No sport lacks common sense quite like golf, a point that was reinforced Sunday at the ANA Inspiration. 

Yes, the Rules of Golf were applied correctly, and Thompson should have been penalized two shots for playing from an incorrect spot. But allowing an outside agency to affect the outcome – and, most troubling, a day later – was maddening for anyone with an interest in fairness.

After announcing 30 proposed rules changes last month, the USGA and R&A asked for feedback before those rules go into effect in 2019.

Here is one that wasn’t considered and now should move to the top of their to-do list: Viewers should not be allowed to call, email, fax, tweet or smoke signal any potential infraction – especially a day late.

The lessons from Lexi’s lost major shouldn’t soon be forgotten. 


1. In a way, Thompson was fortunate not to have been disqualified on the spot as she made her way to the 13th tee Sunday.

Two years ago, she would have been sent packing.

The Rules of Golf were changed for 2016 so that, according to the exception to Rule 6-6d, any player who turns in a scorecard and did not knowingly commit an infraction would not be disqualified but rather assessed a two-shot penalty. That was the second of the two-shotters she incurred. 

Where that rule fails, however, is that it’s only used for the first, second and third rounds. If Thompson had won Sunday, but a rules breach wasn’t spotted until Monday, it’s too late. The tournament has been completed. No penalty.

That’s a huge problem. 

2. The real crime here was that the LPGA wasn’t notified about Thompson’s potential infraction until the final group was on the ninth hole on Sunday.

That’s nearly 20 hours after she marked her 1-foot putt and didn’t replace it in the original spot.

Had that person sent in the email earlier, Thompson would only have been docked two shots and could have played the back nine of a major without tears streaming down her face.  

3. There is some hope that this kind of infraction will be eliminated in the future, if the proposed rules changes are approved.

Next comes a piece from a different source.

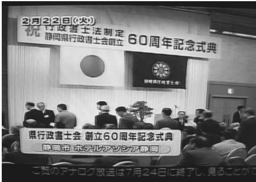
静岡放送TVワイド番組「soleいいね」で紹介されました

Among those proposals was a reasonable judgment standard, which states that a player needs only to estimate or measure a spot, point, line, area or distance and will not be second-guessed based on later evidence (such as a video review) if the player did all that “could reasonably be expected under the circumstances to estimate or measure accurately.”

That would seem to absolve Thompson, whose infraction went undetected by both her and her fellow playing competitors on Saturday. 



4. There is an argument to be made that allowing viewer call-ins is a necessary evil. A professional golf tournament is a massive playing field that cannot possibly be covered by a few rules officials. They can’t see everything.

And players don’t want to win with a penalty. Can you imagine the uproar had video surfaced of this infraction, she was not penalized, and she went on to win by one? There would have been calls for her to disqualify herself. She would have been skewered on social media.

A solution would be to have a rules official dedicated to watching the TV feed. If he spots a potential infraction, fine. But it would cut out the armchair officials at home. 

5. After the five-shot swing, Thompson rallied just to force a playoff.

It was reminiscent of what happened to Dustin Johnson at last year’s U.S. Open. Leading the toughest tournament in the world on one of the United States’ most difficult golf courses, Johnson was confronted by a rules official, informed of a potential penalty, and brushed it off to win his first major. 

Thompson, meanwhile, played her last six holes in 2 under par, and her eagle putt on the last in regulation to win outright came up a few inches short.

To this scribe, at least, that was the most impressive aspect: Neither DJ nor Lexi wilted when confronted by a rules official in the MIDDLE of a final round of a major. Remarkable resilience.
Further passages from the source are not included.